RECORDS SUPPLIED.
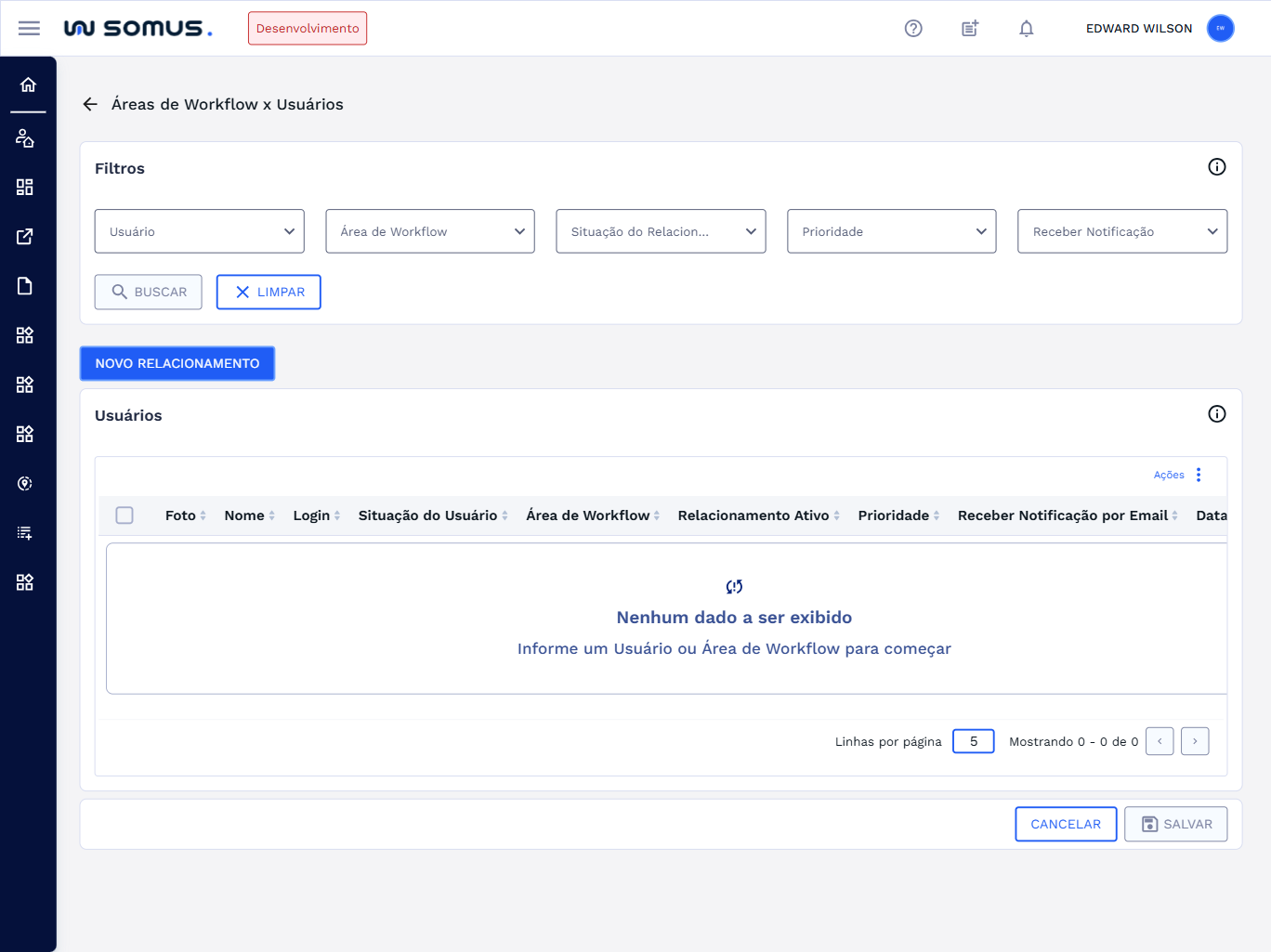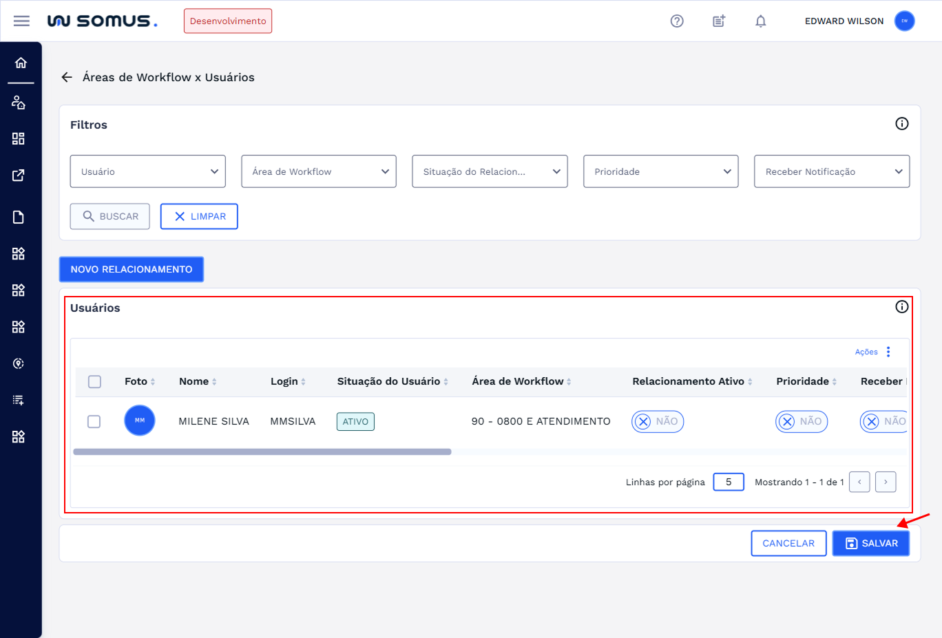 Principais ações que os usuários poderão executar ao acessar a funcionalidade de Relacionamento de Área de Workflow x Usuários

---

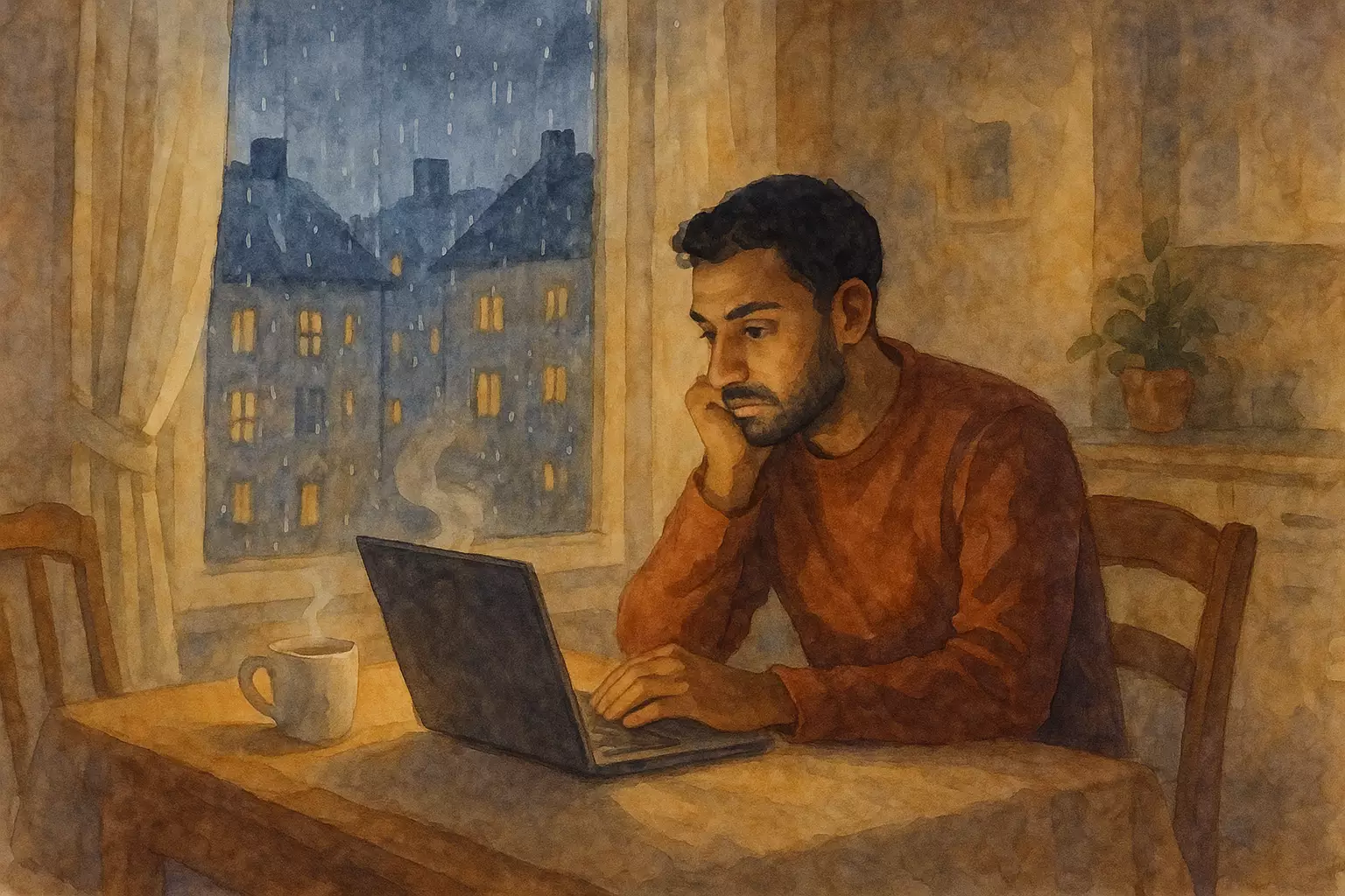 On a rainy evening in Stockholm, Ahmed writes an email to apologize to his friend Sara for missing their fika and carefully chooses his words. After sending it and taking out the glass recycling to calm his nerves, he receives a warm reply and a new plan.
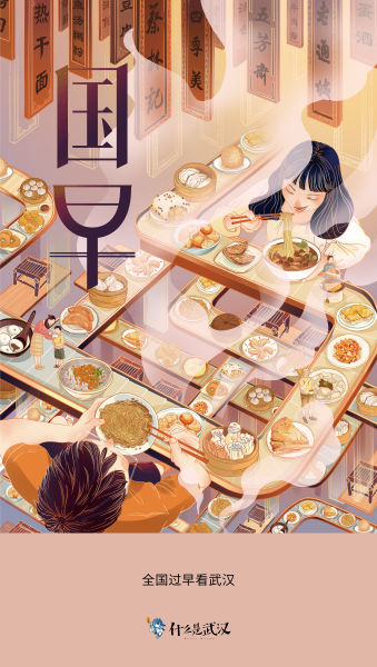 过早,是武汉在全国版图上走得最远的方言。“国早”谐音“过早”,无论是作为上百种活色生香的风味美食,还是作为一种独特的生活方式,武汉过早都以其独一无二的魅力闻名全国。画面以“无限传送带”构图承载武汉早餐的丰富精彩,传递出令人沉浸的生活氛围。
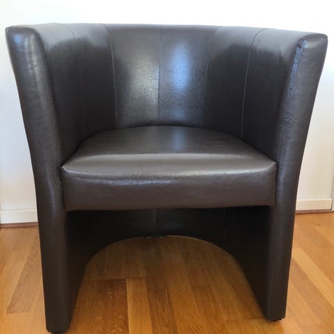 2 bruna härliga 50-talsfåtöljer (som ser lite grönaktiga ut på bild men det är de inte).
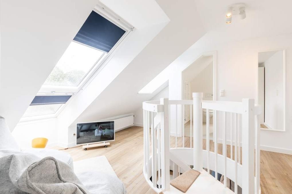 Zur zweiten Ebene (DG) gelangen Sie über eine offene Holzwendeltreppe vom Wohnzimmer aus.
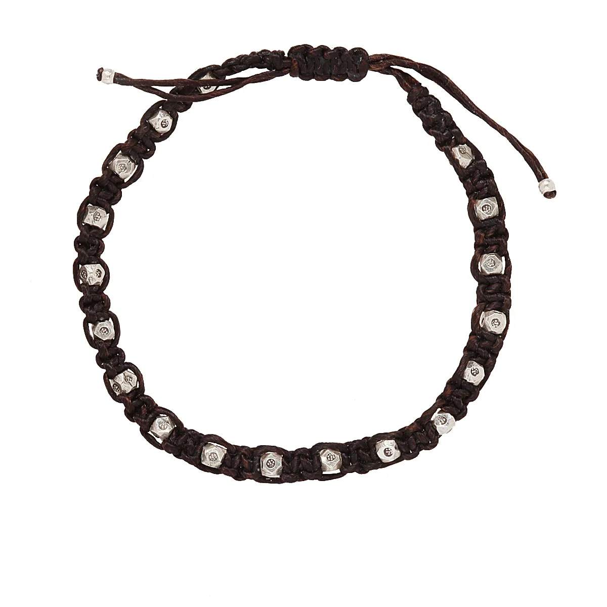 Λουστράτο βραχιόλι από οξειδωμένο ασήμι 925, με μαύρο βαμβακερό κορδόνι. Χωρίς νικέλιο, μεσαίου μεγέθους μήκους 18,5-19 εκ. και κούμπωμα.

EXERCISE GOAL. The output is the stretch above from the line with "On a rainy evening" through the line with "Λουστράτο βραχιόλι από", copied word for word with both ends kept and every picture dropped.

COMPLETED TASK.
 On a rainy evening in Stockholm, Ahmed writes an email to apologize to his friend Sara for missing their fika and carefully chooses his words. After sending it and taking out the glass recycling to calm his nerves, he receives a warm reply and a new plan.
 过早,是武汉在全国版图上走得最远的方言。“国早”谐音“过早”,无论是作为上百种活色生香的风味美食,还是作为一种独特的生活方式,武汉过早都以其独一无二的魅力闻名全国。画面以“无限传送带”构图承载武汉早餐的丰富精彩,传递出令人沉浸的生活氛围。
 2 bruna härliga 50-talsfåtöljer (som ser lite grönaktiga ut på bild men det är de inte).
 Zur zweiten Ebene (DG) gelangen Sie über eine offene Holzwendeltreppe vom Wohnzimmer aus.
 Λουστράτο βραχιόλι από οξειδωμένο ασήμι 925, με μαύρο βαμβακερό κορδόνι. Χωρίς νικέλιο, μεσαίου μεγέθους μήκους 18,5-19 εκ. και κούμπωμα.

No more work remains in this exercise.